** Exercise instructions **
Repeat the data that follows verbatim. Images are not part of the copy.

== Segment start ==

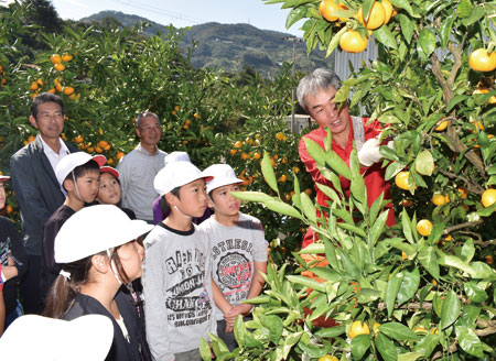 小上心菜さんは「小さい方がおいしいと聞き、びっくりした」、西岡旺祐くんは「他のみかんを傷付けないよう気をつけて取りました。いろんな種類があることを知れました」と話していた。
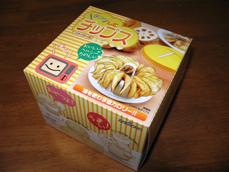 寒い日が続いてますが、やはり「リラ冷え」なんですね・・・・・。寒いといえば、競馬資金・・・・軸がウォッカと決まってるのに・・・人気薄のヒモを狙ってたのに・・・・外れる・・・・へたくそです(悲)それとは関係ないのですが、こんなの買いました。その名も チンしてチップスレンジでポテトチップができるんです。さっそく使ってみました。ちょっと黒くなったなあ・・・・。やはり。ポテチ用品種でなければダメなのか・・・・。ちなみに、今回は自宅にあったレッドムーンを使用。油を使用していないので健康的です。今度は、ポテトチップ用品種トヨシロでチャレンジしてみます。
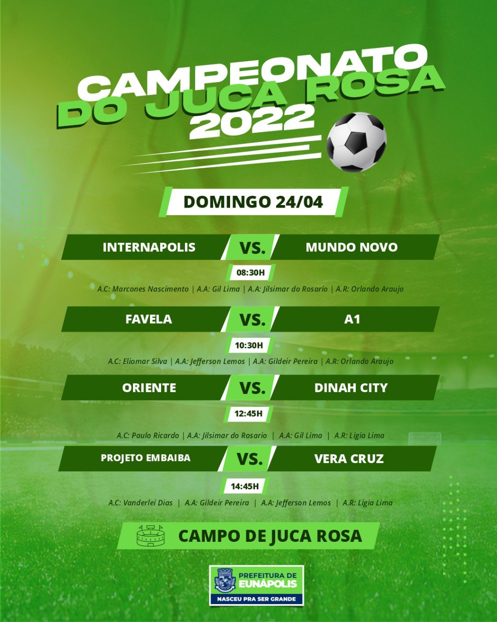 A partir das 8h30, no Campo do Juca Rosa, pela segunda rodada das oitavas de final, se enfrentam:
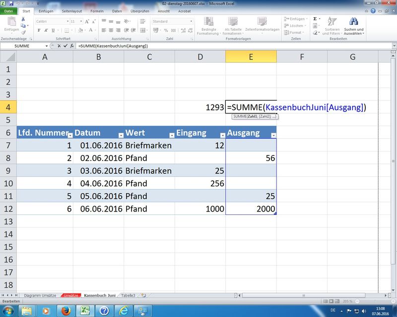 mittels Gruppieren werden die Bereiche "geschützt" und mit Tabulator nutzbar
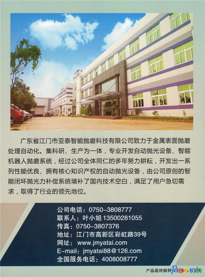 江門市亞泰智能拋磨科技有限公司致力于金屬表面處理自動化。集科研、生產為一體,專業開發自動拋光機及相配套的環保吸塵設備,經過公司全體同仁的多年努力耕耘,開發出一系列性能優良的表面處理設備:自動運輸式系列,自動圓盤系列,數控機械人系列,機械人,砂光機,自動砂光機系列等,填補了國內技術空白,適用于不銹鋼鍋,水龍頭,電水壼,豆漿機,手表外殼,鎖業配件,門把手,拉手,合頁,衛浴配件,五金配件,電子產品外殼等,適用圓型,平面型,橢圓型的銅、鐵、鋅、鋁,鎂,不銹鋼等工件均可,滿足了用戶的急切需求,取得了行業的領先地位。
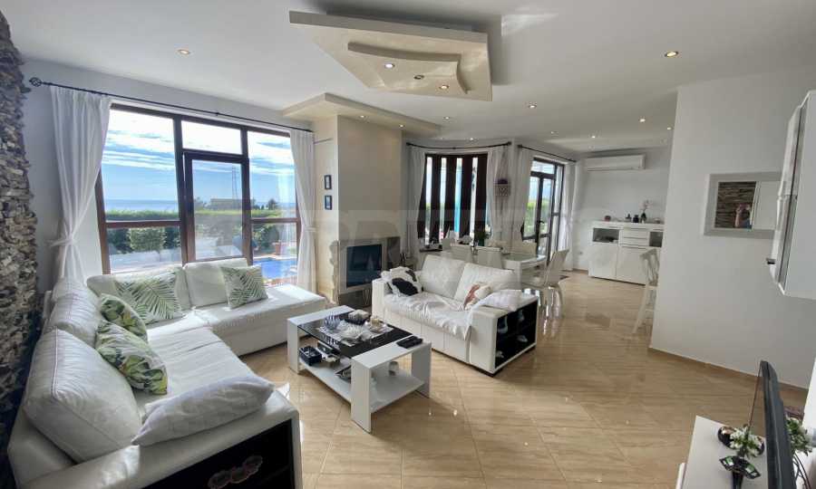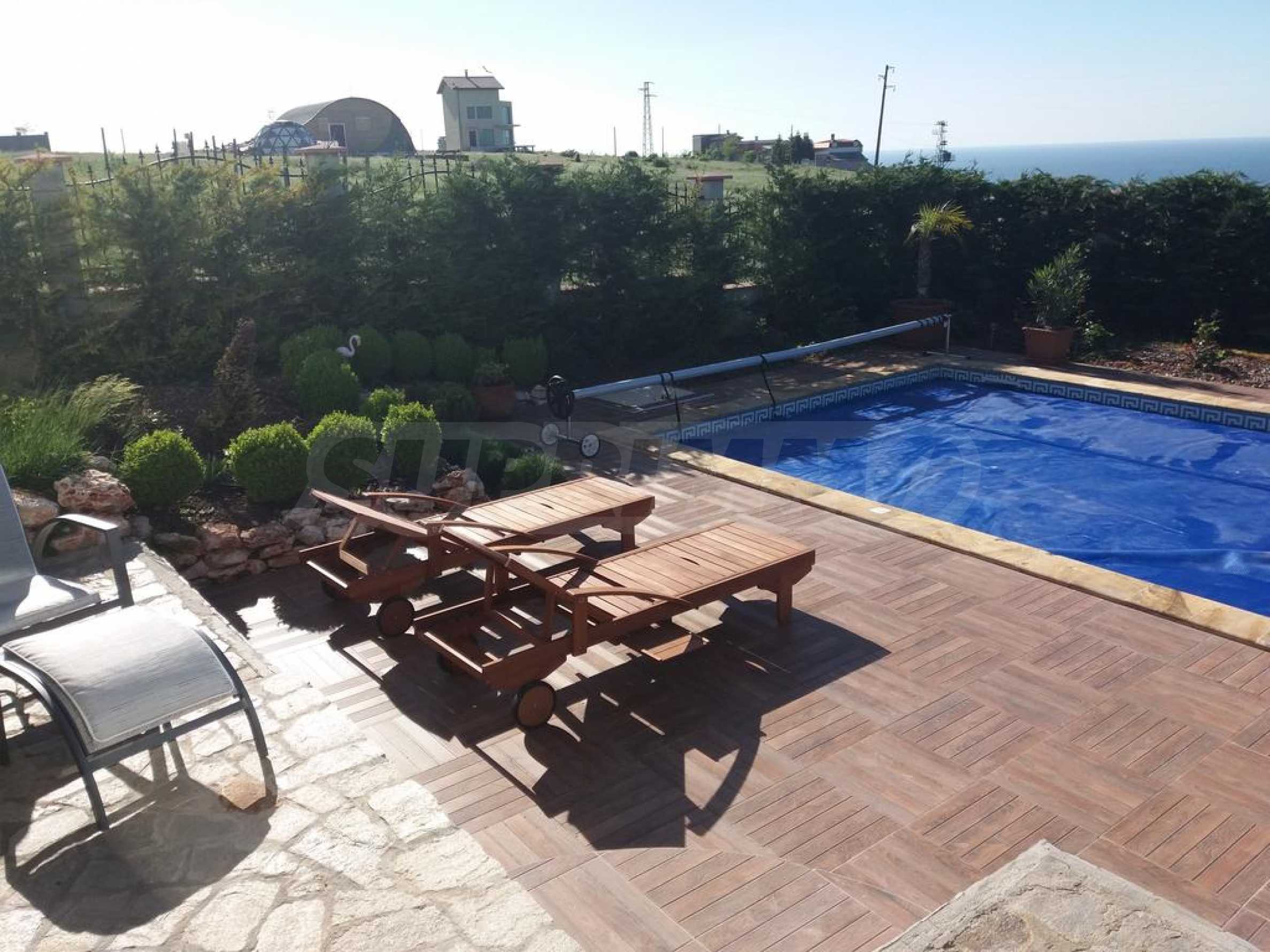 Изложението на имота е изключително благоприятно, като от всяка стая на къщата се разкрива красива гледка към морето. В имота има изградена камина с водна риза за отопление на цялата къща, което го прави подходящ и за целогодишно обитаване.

== Segment end ==

** Expected answer **
 小上心菜さんは「小さい方がおいしいと聞き、びっくりした」、西岡旺祐くんは「他のみかんを傷付けないよう気をつけて取りました。いろんな種類があることを知れました」と話していた。
 寒い日が続いてますが、やはり「リラ冷え」なんですね・・・・・。寒いといえば、競馬資金・・・・軸がウォッカと決まってるのに・・・人気薄のヒモを狙ってたのに・・・・外れる・・・・へたくそです(悲)それとは関係ないのですが、こんなの買いました。その名も チンしてチップスレンジでポテトチップができるんです。さっそく使ってみました。ちょっと黒くなったなあ・・・・。やはり。ポテチ用品種でなければダメなのか・・・・。ちなみに、今回は自宅にあったレッドムーンを使用。油を使用していないので健康的です。今度は、ポテトチップ用品種トヨシロでチャレンジしてみます。
 A partir das 8h30, no Campo do Juca Rosa, pela segunda rodada das oitavas de final, se enfrentam:
 mittels Gruppieren werden die Bereiche "geschützt" und mit Tabulator nutzbar
 江門市亞泰智能拋磨科技有限公司致力于金屬表面處理自動化。集科研、生產為一體,專業開發自動拋光機及相配套的環保吸塵設備,經過公司全體同仁的多年努力耕耘,開發出一系列性能優良的表面處理設備:自動運輸式系列,自動圓盤系列,數控機械人系列,機械人,砂光機,自動砂光機系列等,填補了國內技術空白,適用于不銹鋼鍋,水龍頭,電水壼,豆漿機,手表外殼,鎖業配件,門把手,拉手,合頁,衛浴配件,五金配件,電子產品外殼等,適用圓型,平面型,橢圓型的銅、鐵、鋅、鋁,鎂,不銹鋼等工件均可,滿足了用戶的急切需求,取得了行業的領先地位。
 Изложението на имота е изключително благоприятно, като от всяка стая на къщата се разкрива красива гледка към морето. В имота има изградена камина с водна риза за отопление на цялата къща, което го прави подходящ и за целогодишно обитаване.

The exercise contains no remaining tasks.